An active member of the Union Labor Party, Flaherty was appointed a member of the San Francisco Board of Police Commissioners by mayor P. H. McCarthy, serving from 1911 to 1915. He then served in the California State Senate from 1915 to 1923, during which he was an ally of Governor Hiram Johnson and won the "highest rating for labor record ever attained by any member of that body." The San Francisco Call listed the most important legislation he sponsored as follows:

Homes for working people, San Francisco Nautical School, university extension, development of Islais Creek, local control of San Francisco harbor funds, anti-injunction bill, protection of immigrants on docks, adequate service by water companies, guarantee of payments for harvest labor, regulation of employment agencies, state warehouses, elevators, oil tanks, etc.; prohibiting bribery in baseball games and enlarging San Francisco's waterfront.
— The San Francisco Call, June 14, 1926

Flaherty also served as president of the San Francisco Building Trades Council from 1921 to 1926. He was appointed United States surveyor of customs for the port of San Francisco on November 1, 1921, and served until March 3, 1925, when he resigned, having been elected to Congress.

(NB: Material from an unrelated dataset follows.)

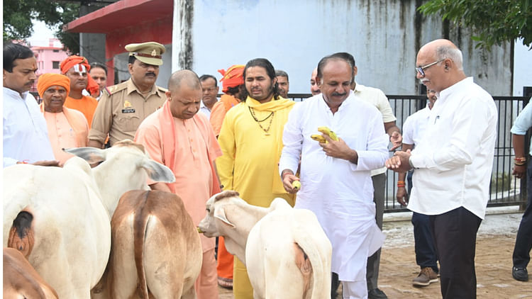सोमवार रात में गोरखपुर आए मुख्यमंत्री एवं गोरक्षपीठाधीश्वर योगी आदित्यनाथ ने गोरखनाथ मंदिर में श्रीकृष्ण जन्मोत्सव मनाने के बाद मंगलवार सुबह मंदिर की गोशाला में गोसेवा की। उन्होंने गोशाला का भ्रमण कर गोवंश का हाल जाना और उन्हें खूब दुलारकर अपने हाथों से गुड़ और केला खिलाया।
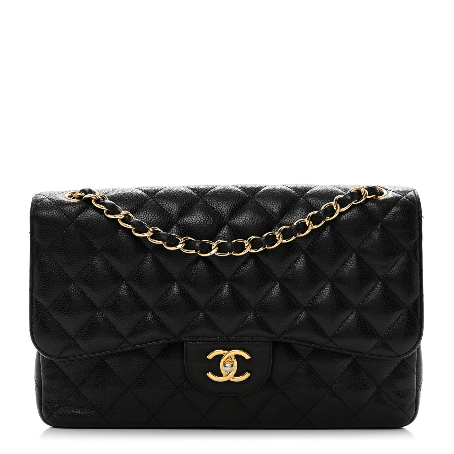 This is an authentic CHANEL Caviar Quilted Jumbo Double Flap in Black. This stylish shoulder bag is crafted of luxurious caviar textured leather. It features leather threaded polished gold chain link shoulder straps, a rear patch pocket, and a front flap with a gold CC turn lock. The flap opens to an inner flap and a burgundy leather interior with patch pockets.Follow this item for alerts. Chanel is a registered trademark of Chanel. FASHIONPHILE is not affiliated with Chanel.

== Congressional career and death ==
Flaherty was elected as a Republican to the Sixty-ninth Congress and served from March 4, 1925, until his death in New York City on June 13, 1926, aged 47. He had suffered from ill health since shortly after his election.

=== Internment ===
Flaherty was interred in Holy Cross Cemetery, near San Mateo, California.

== Electoral history ==

1924 United States House of Representatives elections in California
| Party |  | Candidate | Votes | % |
|---|---|---|---|---|
|  | Republican | Lawrence J. Flaherty | 38,893 | 72.6 |
|  | Socialist | Isabel C. King | 12,175 | 27.4 |
| Total votes |  |  | 51,068 | 100.0 |
| Turnout |  |  |  |  |
|  | Republican hold |  |  |  |

==See also==
- List of members of the United States Congress who died in office (1900–1949)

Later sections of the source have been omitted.